Provide a proof that it works for all dimensions of domain. This is detailed in Sect. 3.3.
We consider various dimensions by starting with the univariate case.
3.1 Adaptivity When the Domain Is Univariate
The B-spline degrees are either even or odd. We take these two cases separately
Even Degrees. These are typified by the quadratic. The argument is made in the captions to Figs. 7, 8, 9 and 10, which should be read in sequence as if they were part of the text. The extension to higher even degrees is implied by the descriptions, though not by the illustrations.
Odd Degrees. These are typified by the cubic. The argument is made in the captions to Figs. 11, 12, 13 and 14, which should be read in sequence. The extension to higher odd degrees is implied by the descriptions there, though not by the illustrations. The situation is slightly more complicated, but the concepts are very similar.
It is a moot point whether the basis of Fig. 9 or that of Fig. 10 (resp., Fig. 13 or Fig. 14) should be used in an actual implementation. The ranks of the Figs. 9 and 10 bases are the same. Each has practical advantages and disadvantages which are not explored further here, except that we note that Figs. 10 and 14 no longer preserve partition of unity. This might matter in a modelling context because a coefficient no longer transforms as a point, but as a displacement (see [5]), but in the analysis context it is of no importance whatever. In an iterative solution the coefficient of the new function can be initially set to zero, to match exactly the pre-refinement solution.
The refined space exactly contains the old space as a subspace. This is true whichever of the possible implementations is used.
For even degrees my preference is to use the functions of Fig. 9, though for odd degrees there are more evenly balanced arguments, relating to the necessary infrastructure to steer what refinements can be made.
3.2 Adaptivity When the Domain Is Bivariate
We now assume that all of the original basis functions are tensor products of B-splines in two directions. The argument is made in the captions to Figs. 15, 16, 17, and 18.
The proof of linear independence depends on the fact that a given bivariate function is never split more than once. The splitting introduces a new knot-line and clearly new functions which have different such knot-lines will be linearly independent of each other. If two splits share the same knot-line, but the extents are different in the other direction, then the linear independence of the distribution of discontinuity magnitude in that direction implies linear independence of the new functions. It is useful to notice that, because the split is always of the centre span for even degrees, a given piece of shared knot can only arise at a specific level of the refinement.
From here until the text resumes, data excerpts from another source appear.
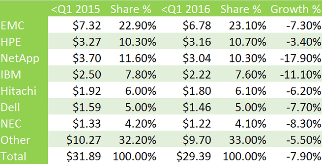 Table 1 – Storage Systems market shares – year to Q1 2015 v Q1 2016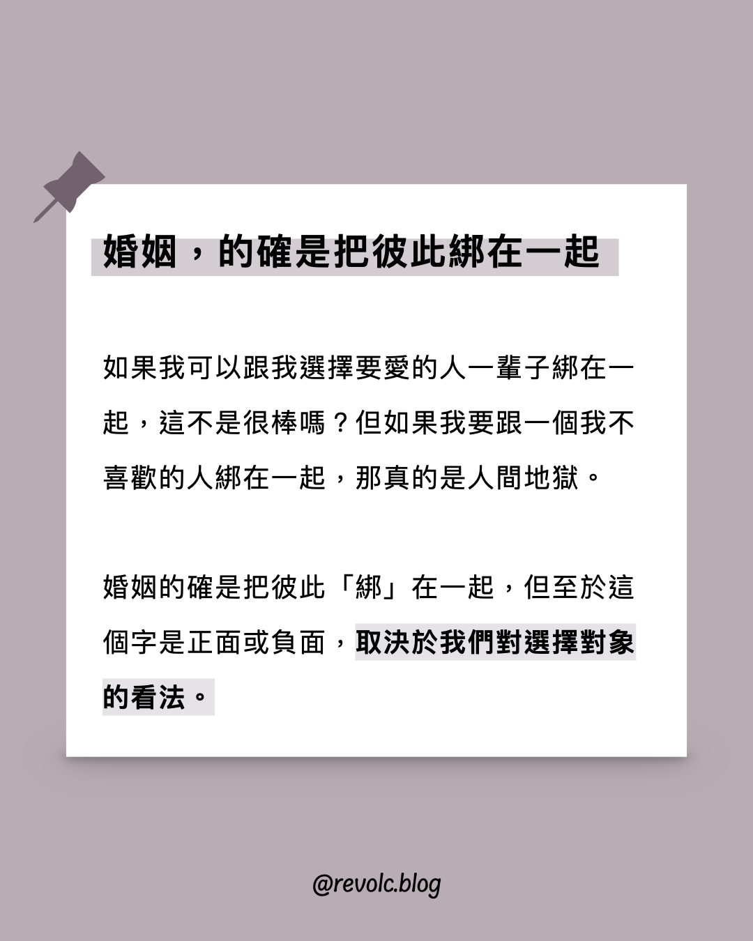 婚姻的確是把彼此「綁」在一起,但至於這個字是正面或負面,取決於我們對選擇對象的看法。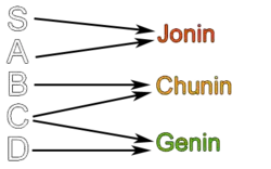 - Batalhem Finalmente!! Jōnin vs. Genin!! Sem Discriminação: A Grande Abertura da Exibição de Lutas!! (2005). A Quinta Hokage Tsunade cria uma competição entre Jonin (ninja de alto nível) e Genin (ninja de baixo nível). O OVA foi lançado originalmente em um disco extra com a edição japonesa do jogo eletrônico Naruto: Ultimate Ninja 3 para o PlayStation 2.[120]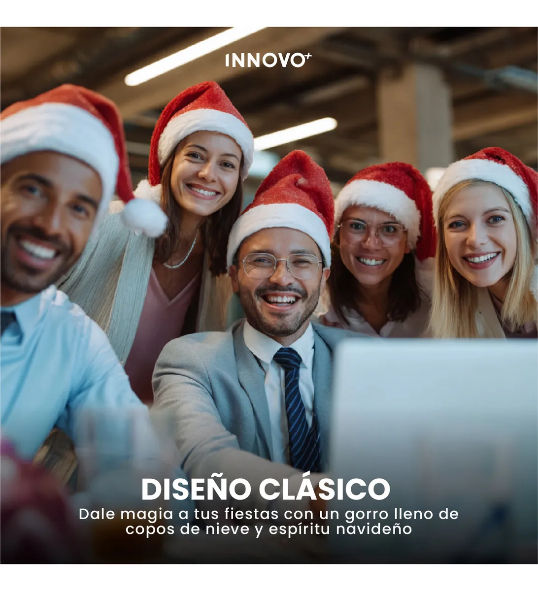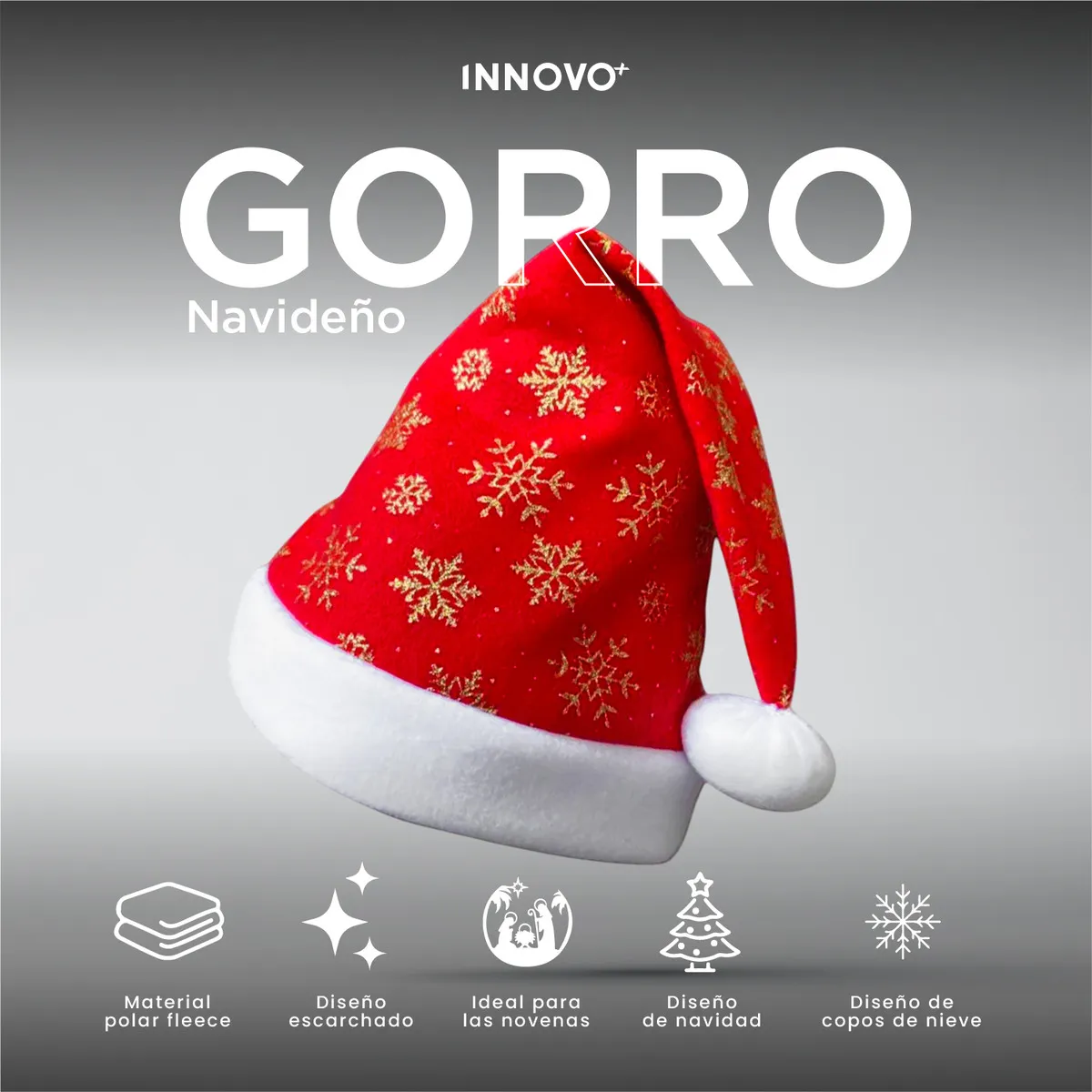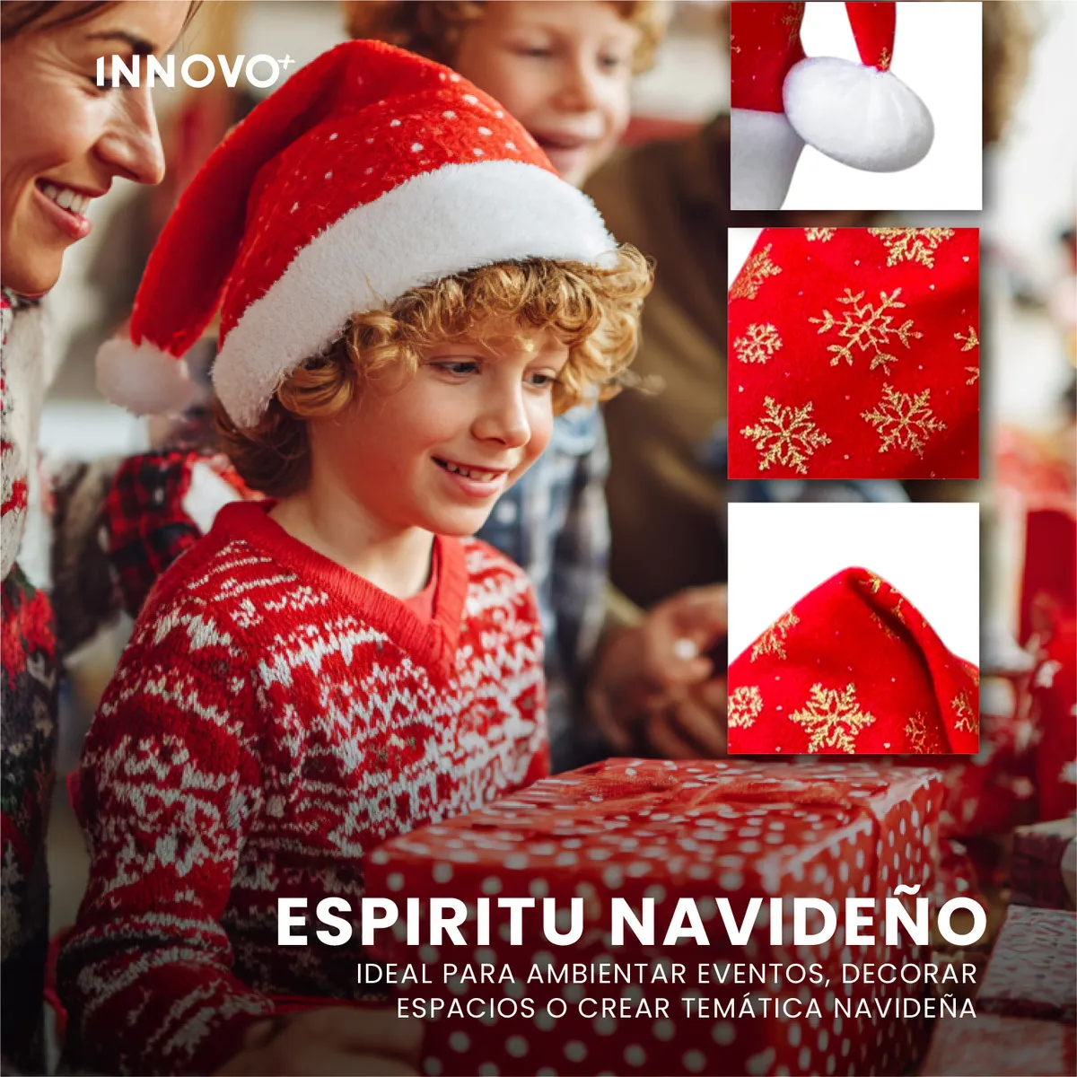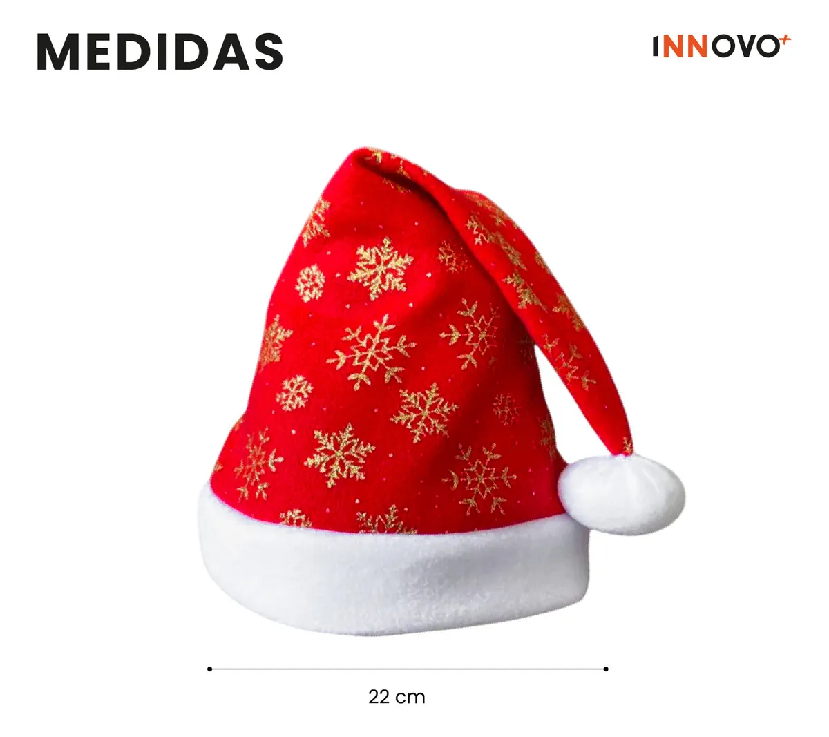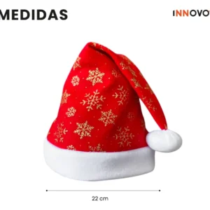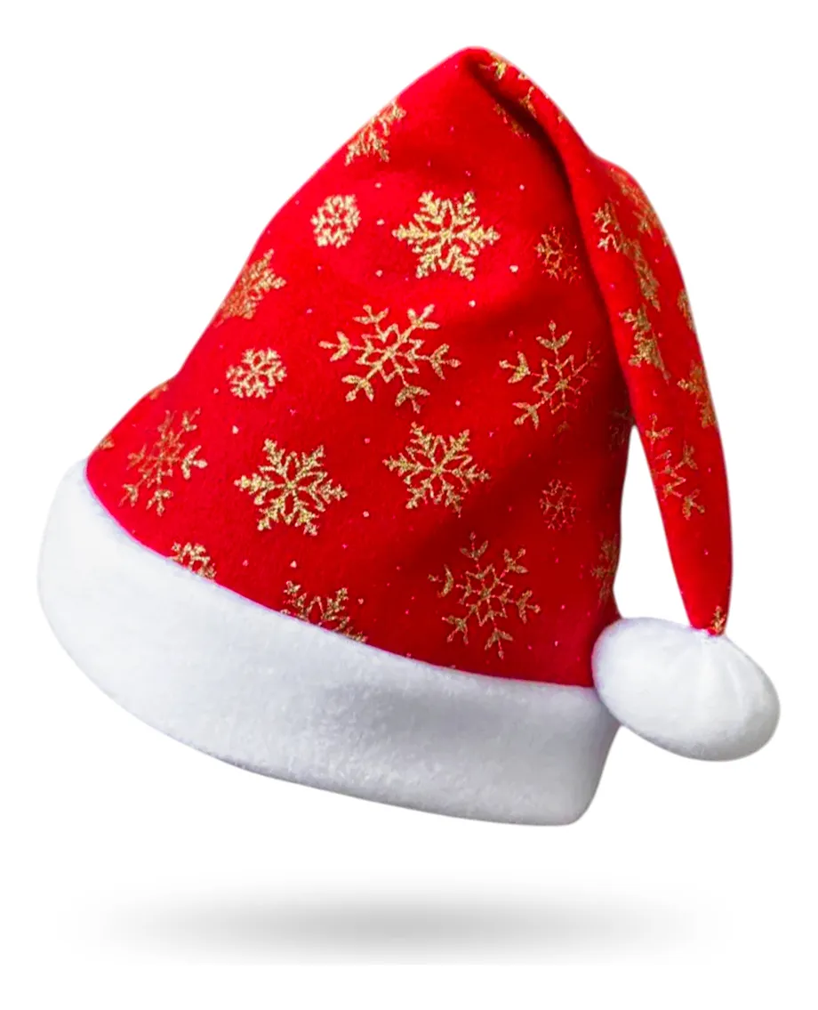 Luce el mejor espíritu navideño con este Gorro Navideño con copos dorados, ideal para darle un toque mágico a tus fiestas, fotos familiares, reuniones empresariales, novenas, eventos escolares y contenido para redes sociales.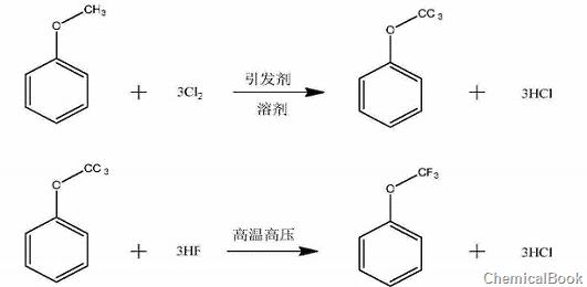 add 150g of p-chlorotrifluorotoluene solvent into a 1000ml reactor equipped with mechanical stirring, condenser tube, thermometer, bottom vent tube, and dropper tube, start stirring, and raise the temperature to 139~140°c until the solvent refluxes. when the temperature is high, pass the chlorine gas and start to add dropwise a mixed solution of 200g anisole, 600g p-chlorotrifluorotoluene solvent and 10g azobisisobutyronitrile initiator. add dropwise at 139~140°c for about 12 hours. after the dropwise addition is completed, after sampling and analysis, when dichloromethoxybenzene is lower than 0.3%, stop the reaction and cool n.

Clearly, in the odd degree case, the two functions split must share the same knots in the other direction. If this is not practical, then the analog of the quadratic case using the span consistently on the same side of the central knot, though less elegant, can be set up.
3.3 Adaptivity When the Domain Has Higher Dimension
Here we take the simple route of specifying that any basis function, which will be a tensor product of as many functions as the dimension of the domain, is split in just one direction, all the other directions keeping their original function. Thus however high the domain dimension becomes, the refinement always increases the size of the solution space by 1.
The proof of linear independence follows that for the bivariate case, except that now the knot insertion is of a piece of knot (hyper)plane. Different hyperplanes cannot be linearly dependent, and different refinements will lead to linearly independent distributions of discontinuity across a common hyperplane.
4 Implementation Issues
An important question is ‘How easy is this to incorporate into an existing analysis infrastructure?’. Even though the scheme is in some ways simpler than the conventional collection of nodes and elements, where the outermost loop during stiffness matrix assembly is through elements, there may be a perceived problem simply because it is different.
4.1 Representation of the Discretisation of the Solution Field
The obvious representation here, assuming isoparametric formulation, is to have a collection of basis function objects, each of which has a number of lists, each as long as 1+degree, one for each independent direction within the domain. These lists contain the domain coordinates of the knots. Thus a triquadratic system over a three-dimensional domain would have a collection of basis functions each represented by three lists of four entries. This has to be supplemented by the map from the parameter domain into the geometric domain, which is used for evaluation of Jacobians. Isogeometric ideas are obviously relevant here, though we are not limited to using the partitioning of the domain which comes from the geometry.
4.2 The Assembly Process
The outermost loops of assembly are now most conveniently taken through pairs of basis functions. Each possible pair corresponds to a single entry in the stiffness matrix, and so using this structure lends itself to effective parallelisation on multi-processor machines with little shared memory.
For each pair we have to do an integration over the intersection of the supports. Here there is a nice surprise: although the domain may appear to be totally splintered by different refinements, the number of polynomial pieces over which the integration must be done is bounded by the number of knots active in the two basis functions forming the pair. They don’t see knots which are only discontinuities in other basis functions.
4.3 Solution
There is no reason why, once the stiffness matrix and right hand sides are formed, the solution process has to be any different. However, because of the exact nesting of the spaces, there will be a lot of coherence between successive solutions. This is clearly evident in the case of iterative solution.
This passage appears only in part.